Lotniczy kamień milowy NASA. Pierwsza samotna misja eksperymentalnego drona

Fot. NASA/Carla Thomas
Fot. NASA/Carla Thomas

Zespół specjalistów z kalifornijskiego NASA Armstrong Flight Research Center zanotował ważne osiągnięcie w programie doskonalenia technologii bezpiecznego użytkowania dużych bezzałogowców w cywilnym ruchu lotniczym. Wszystko za sprawą zdalnie pilotowanego drona Ikhana, który pomyślnie wykonał swoją pierwszą samotną misję w zatłoczonej przestrzeni powietrznej nad stanem Kalifornia. Maszyna, bazująca na konstrukcji MQ-9 Predator B, dokonała tego dzięki zaawansowanemu systemowi autonomicznego rozpoznawania i unikania innych obiektów latających.

Zdalnie pilotowany samolot Ikhana (słowo w dialekcie północnoamerykańskiego plemienia Czoktawów oznaczające „świadomy”) wyruszył w swoją pierwszą samotną misję w dniu 12 czerwca br. z ośrodka badawczego NASA Armstrong Flight Research Center, mieszczącego się na terenie kalifornijskiej bazy lotniczej Edwards.
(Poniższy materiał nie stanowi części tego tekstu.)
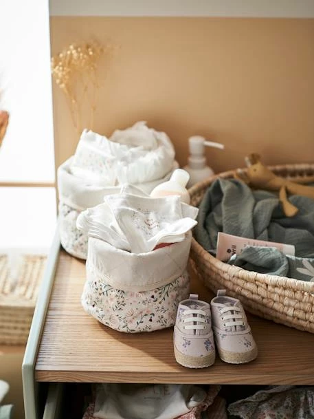 Lot de 2 paniers réversibles FLEURETTES en coton, rembourrage polyester.

W tym czasie dron pokonał trasę przebiegającą na pułapie i w zasięgu aktywnych korytarzy powietrznych wyznaczonych dla lotów komercyjnych i pasażertskich nad terytorium USA. Lot przebiegł bezpiecznie na całej wyznaczonej odległości.
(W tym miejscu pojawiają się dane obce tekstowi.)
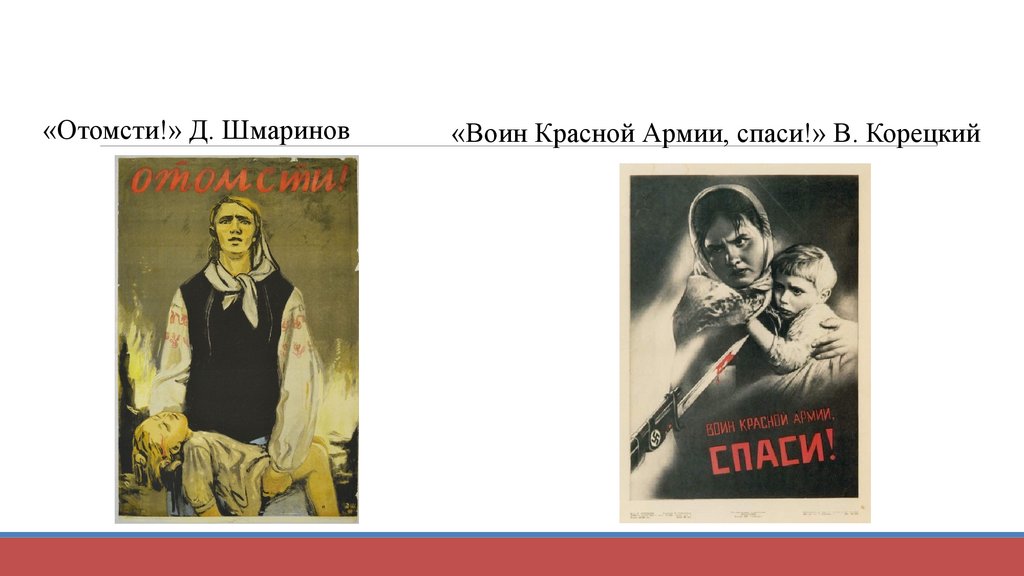 «Отомсти!» Д. Шмаринов«Воин Красной Армии, спаси!» В. Корецкий

Wszystkie wcześniejsze przeloty prowadzone z użyciem eksperymentalnego bezzałogowca NASA odbywały się przy asyście konwencjonalnego samolotu nadzorującego. W pełni samodzielne operacje z jego użyciem pozostawały zablokowane do czasu spełnienia warunków postawionych w zakresie bezpieczeństwa żeglugi powietrznej przez amerykański urząd nadzoru ruchu lotniczego, Federal Aviation Administration (FAA). Finalne uzgodnienia w tej sprawie zajęły kilka ostatnich miesięcy.

Specjalna autoryzacja dla pierwszego samotnego lotu bezzałogowca NASA została wydana 30 marca 2018 roku. Podstawą do określenia zezwolenia był wymóg wyposażenia drona w najnowszy system podglądu sytuacyjnego oraz autonomicznej zdolności do wykrywania i unikania pobliskich obiektów latających. Kontrolę i bezpośredni wgląd w pracę systemu oddano do dyspozycji personelu zdalnie pilotującego Ikhanę.
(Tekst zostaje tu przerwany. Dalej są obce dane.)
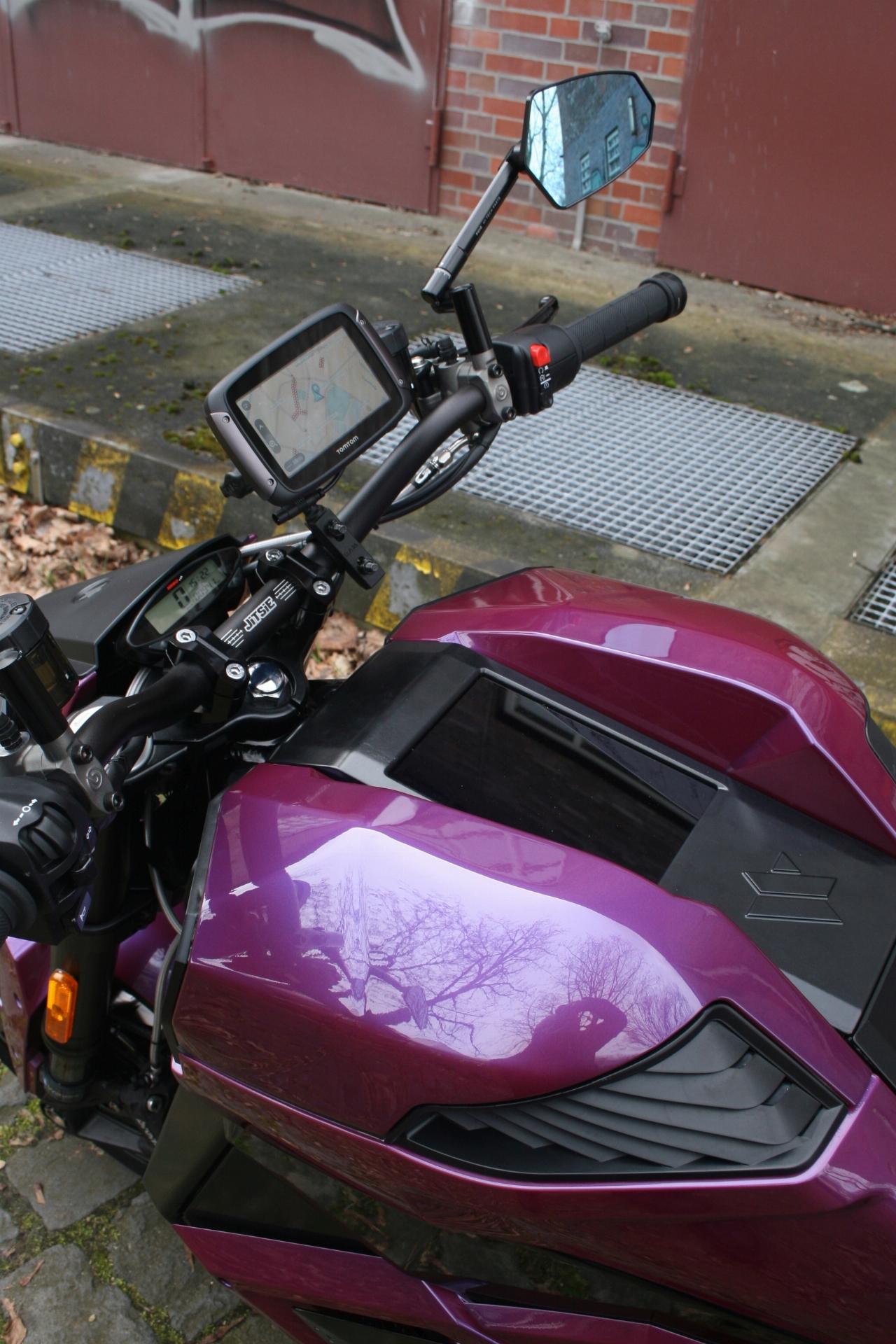 Kurzbeinigen dürften die vorderen Fußrasten auf Dauer etwas unbequem sein, dafür passt es hinten umso besser. Die Brembo-Bremsen fühlen sich extrem synthetisch an und sprechen auch etwas zu früh an. Aber ohnehin verzögert die Verge viel über die Rekuperation. Auffällig ist der sehr tiefe Schwerpunkt mit dem leichten Vorderbau. So wird die TS vor allem über den Lenker und weniger über Körperdruck zum Richtungswechsel bewegt, folgt aber willig dem Befehl und spielt damit vor allem in der Stadt eine Wendig- und Handlichkeit aus, die man der 245 Kilogramm schweren Maschine gar nicht zugetraut hätte. Und den Zulassungsbehörden nicht, dass sie die Mini-Blinker der Verge, die allenfalls einen Durchmesser von einem Zentimeter haben, genehmigt haben. Sie kommen aus China und sind eines der ganz wenigen Teile, die nicht aus europäischer Fertigung stammen, wie man bei Verge stolz betont.

W polu zastosowanych technologii wykrywania i reagowania znalazł się radar opracowany przez koncern General Atomics Aeronautical Systems oraz system ostrzegania i unikania kolizji w ruchu lotniczym dostarczony przez firmę Honeywell. W skład zestawu weszły również instrumenty śledzenia, ustalania pozycji i komunikacji wzajemnej z użyciem transmisji danych satelitarnych i nawigacji GPS.

Lot wystartował z bazy lotniczej Edwards w Kalifornii i niemal natychmiast wszedł do kontrolowanej przestrzeni powietrznej. Ikhana kontynuował swój lot częściowo w obrębie przestrzeni powietrznej klasy A, z której korzystają komercyjni przewoźnicy – na zachód od Edwards na wysokości przekraczającej 8.000 m. W dalszej fazie lotu bezzałogowiec odbił na Północ, kontynuując lot w zasięgu operowania odrębnych ośrodków kontroli lotów w Oakland i Los Angeles. W drodze powrotnej dron udał się na południe w kierunku Victorville w Kalifornii, ponownie wchodząc do strefy nadzoru z centrum w  Los Angeles. Krótko przed zakończeniem misji lot przebiegał w przestrzeni powietrznej klasy E, na pułapie przekraczającym 3.000 m. Po pomyślnym osiągnięciu wszystkich wyznaczonych punktów orientacyjnych samolot wyszedł z przestrzeni publicznej i powrócił do bazy w Armstrong.

Lot demonstratora NASA ma duże znaczenie dla procesu planowanego upowszechnienia ciężkich dronów w zastosowaniach użytkowych w przestrzeni cywilnej nad USA. Z założenia otwiera to drzwi do szerokiego wykorzystania w realizacji komercyjnych i publicznych usług, od monitorowania i zwalczania pożarów lasów po koordynowanie operacji poszukiwawczych i ratowniczych.